> _DATASET CONTENT_:
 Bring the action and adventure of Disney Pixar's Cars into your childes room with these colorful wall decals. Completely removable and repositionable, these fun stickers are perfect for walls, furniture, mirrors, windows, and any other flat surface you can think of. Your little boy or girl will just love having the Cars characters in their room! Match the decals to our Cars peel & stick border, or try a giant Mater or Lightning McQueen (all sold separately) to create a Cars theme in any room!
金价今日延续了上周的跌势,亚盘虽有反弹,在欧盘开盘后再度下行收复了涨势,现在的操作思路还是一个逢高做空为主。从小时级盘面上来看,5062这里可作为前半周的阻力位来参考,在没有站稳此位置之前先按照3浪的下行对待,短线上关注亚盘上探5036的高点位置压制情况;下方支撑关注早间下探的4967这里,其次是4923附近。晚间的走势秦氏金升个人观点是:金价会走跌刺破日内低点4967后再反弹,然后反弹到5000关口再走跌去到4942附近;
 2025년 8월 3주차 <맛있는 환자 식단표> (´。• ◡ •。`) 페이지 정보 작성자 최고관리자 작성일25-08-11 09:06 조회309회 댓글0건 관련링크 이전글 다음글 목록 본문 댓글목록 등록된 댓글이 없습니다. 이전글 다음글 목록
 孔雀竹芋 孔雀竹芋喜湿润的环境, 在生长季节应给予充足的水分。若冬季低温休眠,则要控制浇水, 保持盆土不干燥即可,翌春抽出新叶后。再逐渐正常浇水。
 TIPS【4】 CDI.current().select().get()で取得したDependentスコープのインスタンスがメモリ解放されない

* * *

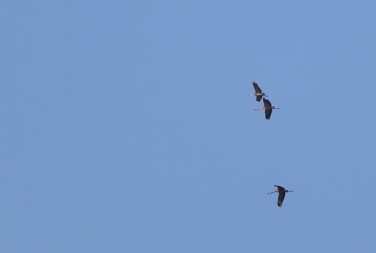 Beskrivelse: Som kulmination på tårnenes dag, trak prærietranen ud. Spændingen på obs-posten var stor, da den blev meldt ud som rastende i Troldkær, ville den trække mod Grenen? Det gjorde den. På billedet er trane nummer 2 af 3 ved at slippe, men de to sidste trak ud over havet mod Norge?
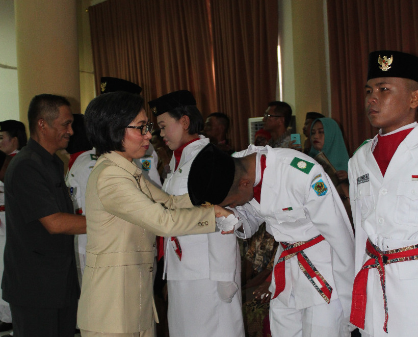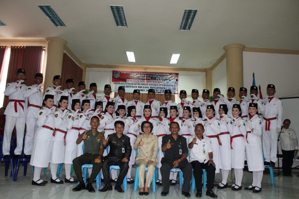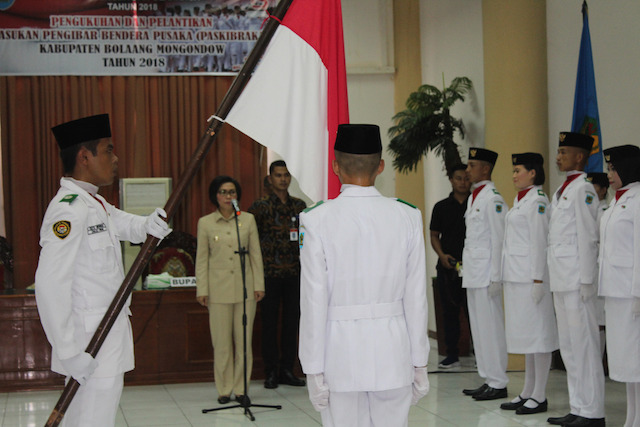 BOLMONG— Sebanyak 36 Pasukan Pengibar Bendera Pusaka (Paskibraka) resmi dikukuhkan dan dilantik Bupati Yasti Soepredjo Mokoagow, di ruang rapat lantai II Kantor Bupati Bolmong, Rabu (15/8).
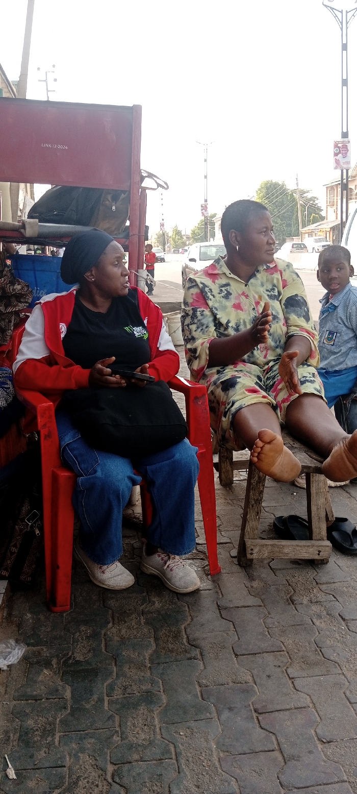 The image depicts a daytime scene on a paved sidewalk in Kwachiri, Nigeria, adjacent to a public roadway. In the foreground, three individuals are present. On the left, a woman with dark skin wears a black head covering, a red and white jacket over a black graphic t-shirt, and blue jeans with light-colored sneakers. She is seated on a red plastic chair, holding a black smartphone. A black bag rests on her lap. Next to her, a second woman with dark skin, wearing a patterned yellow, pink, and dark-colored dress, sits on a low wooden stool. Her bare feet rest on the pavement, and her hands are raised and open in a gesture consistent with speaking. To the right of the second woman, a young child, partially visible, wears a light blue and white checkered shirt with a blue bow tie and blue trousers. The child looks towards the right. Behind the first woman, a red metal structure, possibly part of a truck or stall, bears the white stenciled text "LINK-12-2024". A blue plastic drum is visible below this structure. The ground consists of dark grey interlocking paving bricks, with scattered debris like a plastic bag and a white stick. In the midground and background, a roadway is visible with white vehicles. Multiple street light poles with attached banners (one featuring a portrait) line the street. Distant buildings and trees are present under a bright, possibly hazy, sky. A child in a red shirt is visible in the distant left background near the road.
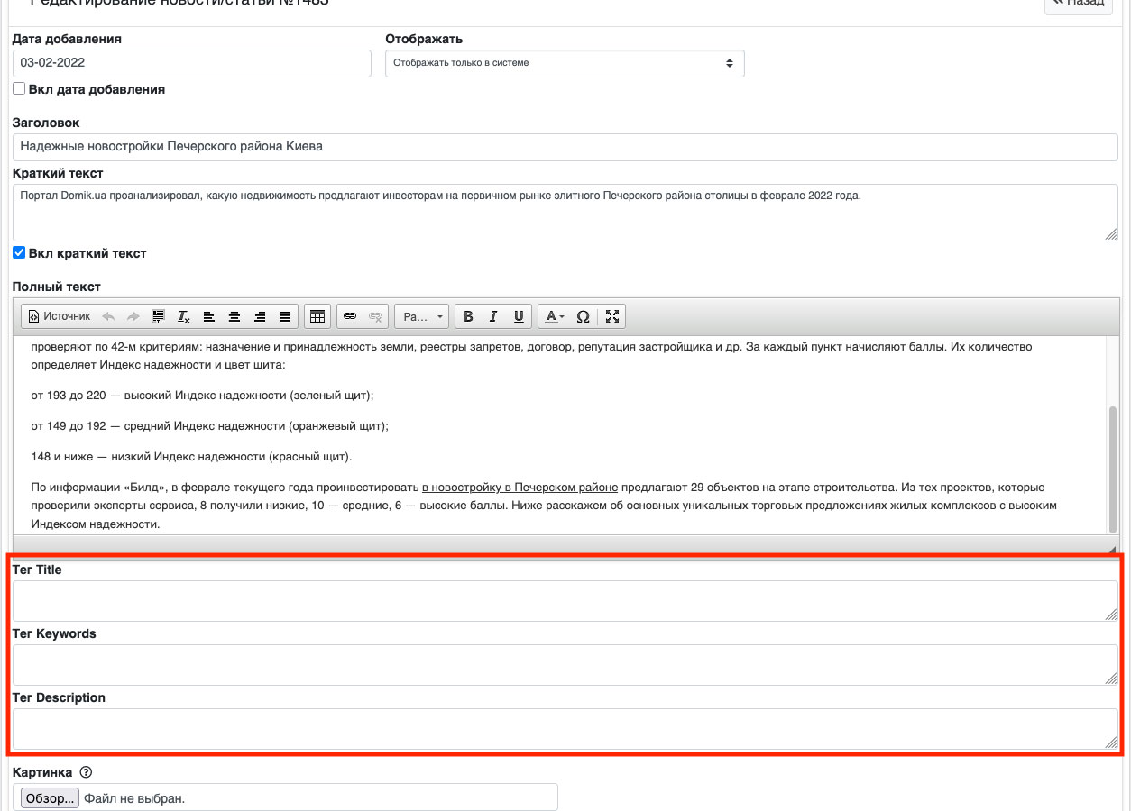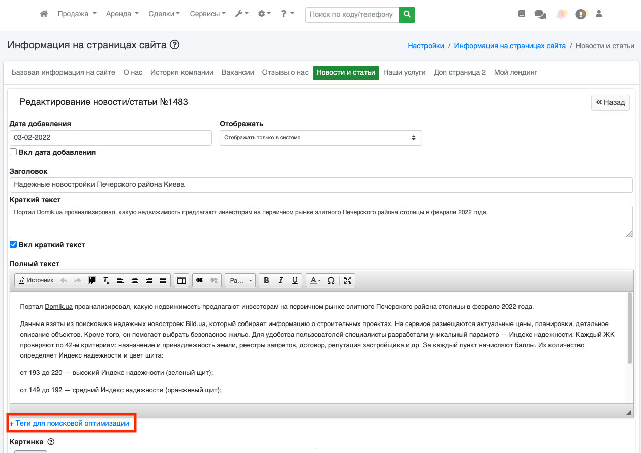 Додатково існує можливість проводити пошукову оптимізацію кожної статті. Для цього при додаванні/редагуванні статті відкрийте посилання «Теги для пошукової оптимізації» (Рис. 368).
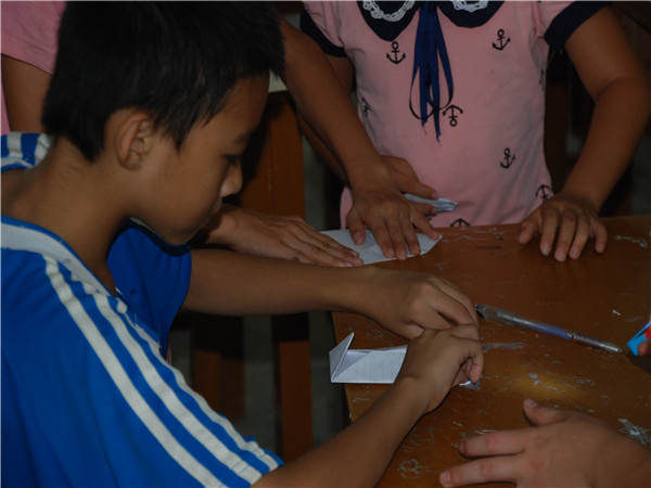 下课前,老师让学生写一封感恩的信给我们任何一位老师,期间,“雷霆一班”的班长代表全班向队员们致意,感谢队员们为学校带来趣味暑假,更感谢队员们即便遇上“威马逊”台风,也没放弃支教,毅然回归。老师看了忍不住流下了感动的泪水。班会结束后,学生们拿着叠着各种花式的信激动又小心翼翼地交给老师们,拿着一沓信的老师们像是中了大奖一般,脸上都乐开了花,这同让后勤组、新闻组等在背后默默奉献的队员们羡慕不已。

--

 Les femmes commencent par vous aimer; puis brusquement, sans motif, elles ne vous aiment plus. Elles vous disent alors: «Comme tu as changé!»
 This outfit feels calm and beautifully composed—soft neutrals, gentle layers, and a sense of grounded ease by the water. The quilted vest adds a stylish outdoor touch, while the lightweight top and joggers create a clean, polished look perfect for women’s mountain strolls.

> _AIM OF THE TASK_: Report how many lines in the listing above hold the string "create", giving the number and no other words.

> _RESPONSE_: 2